For some—or most?—“pretentious” art is even an anomaly. Majority of artworks, of cultural works—from a ten-peso rental of a Precious Hearts Romance to Arundhati Roy’s much-awaited The Ministry of Utmost Happiness, Kathniel’s kilig flick from Star Cinema to Lars’ Nymphomaniac—are not a pretense to them. It is a luxury.
In a writing workshop I attended last May, Jun Cruz Reyes asked us, younger writers, Asan ang bansa sa mga akda nyo? Thinking about this question days after the workshop, I am prodded: is the question of the nation not a very significant one – if not “the” question to ponder — especially in our times today when the emphasis is either on the “global” or on the “local”? We know very well how the current period is celebrated as the period of globalization, where from Baguio, you can easily contact your friend working as an English teacher in Australia; or where people from Japan, Nigeria, La Trinidad and basically anywhere where there is reliable internet connection get informed at the same time of the winners in the Cannes Film Festival or the Miss Universe pageant. But on the other hand, discreetly as a response to the too widely encompassing breadth of globalization, there is the call to not forget the local, to reach back to one’s roots, to remain grounded and rooted in the face of the promises of mobility.
Is not the question of the nation the most proper and productive vantage point from which we can make sense of our everyday, diverse experiences? It does not have the totalizing and simplifying tendency of the global nor does it have the too specific positioning of the local. How rarely do we recognize that for all equalizing effects of globalization, however tenuous or delusive – the Internet for instance where ‘everyone’ can meet and interact and avail of its offerings – there are the grimmer social and political realities that fuel global phenonema? Are our notions of globalization filled with children from undeveloped nations laboring under tough working condition, most of the time unwillingly, and under the auspices of multinational, global companies? Does globalization ever mean to us the plundering of the resources of Third World countries by mega corporations from the First World who control exactly the technologies needed to turn these raw products into finished goods? For all the cutesiness of the global is a terribly malnourished child or worker from poor countries assembling the laptops that we eventually gloat at – and if we are a bit lucky or slaving, purchase — in malls.
Then there is the local, whose more vital contribution is its stress on groundedness. The local, most likely containing the practices, the belief systems, the diurnal ways of life, is closest to us. It involves the way people literally mobilize themselves (in Baguio, one can bike, ride the jeepney or the taxis, which are cheaper than in Manila), the way people form notions related to sexuality (what is it with the ubiquity of the barrel man?) or the venues where they gather to express themselves (from the dap-ay to poetry open mics). Ideas and ways of doing things are formed and shaped first via these first-hand encounters before they were shaped by more distanced sources, say the Internet or books.

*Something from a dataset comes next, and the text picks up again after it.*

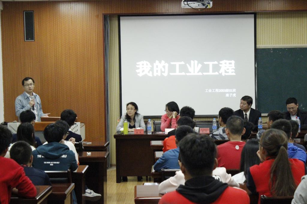 会议伊始,孙在东教授向在座新生们隆重介绍了三位杰出校友,分析了工业工程专业综合性强、技术与管理相结合的特点,并希望同学们以校友为榜样,刻苦求知,全面发展。赵慧娟主任向同学们介绍了工业工程系九位老师,并就本科生导师制进行了详细解释。03级优秀校友代表徐熙然、康子虎、崔家亮向同学们分享了个人工作经历,就工厂、生产工艺、产品创新等方面传授了相关经验,同时贴心嘱咐同学们多学习、多锻炼、多交友,珍惜大学时光。会末,工业工程系各位学长也就同学们关心的就业、考研等问题进行一一解答。

During the workshop, a fellow from Iligan City, commenting on the name of one character in the play we were looking at, pointed out that “Katalagman,” the name of one of the protagonists, means “delubyo” in their language. The scriptwriter – and most of the members of the panel and the other fellows — was unaware of this. This scenario exemplifies the potential richness that can be revealed when various specific localities and cultures talk to one another. Is this not a meaningful detour from the regionalist tendency that usually leads to destructive and competitive clashes instead of productive collaborations? This is the downside of the local. Whereas the global pretends that all of us are equal (Never mind that a few is profiting from the work of many, we all have internet access anyway!) the local has this risk of reaching isolation, if not exoticization. Is the same not slightly at work when we come to identify places or communities with certain events or things? Say, Bohol and tarsier; Baguio and Panagbenga; the Kalingas and headhunting; the Mindanao populace and the demonized Moro. Sometimes, these typecast attributions are just too simplifying, eliding the complex histories and discourses that are really pulsating on the ground; the worse case is when they are false and result to negative portrayals.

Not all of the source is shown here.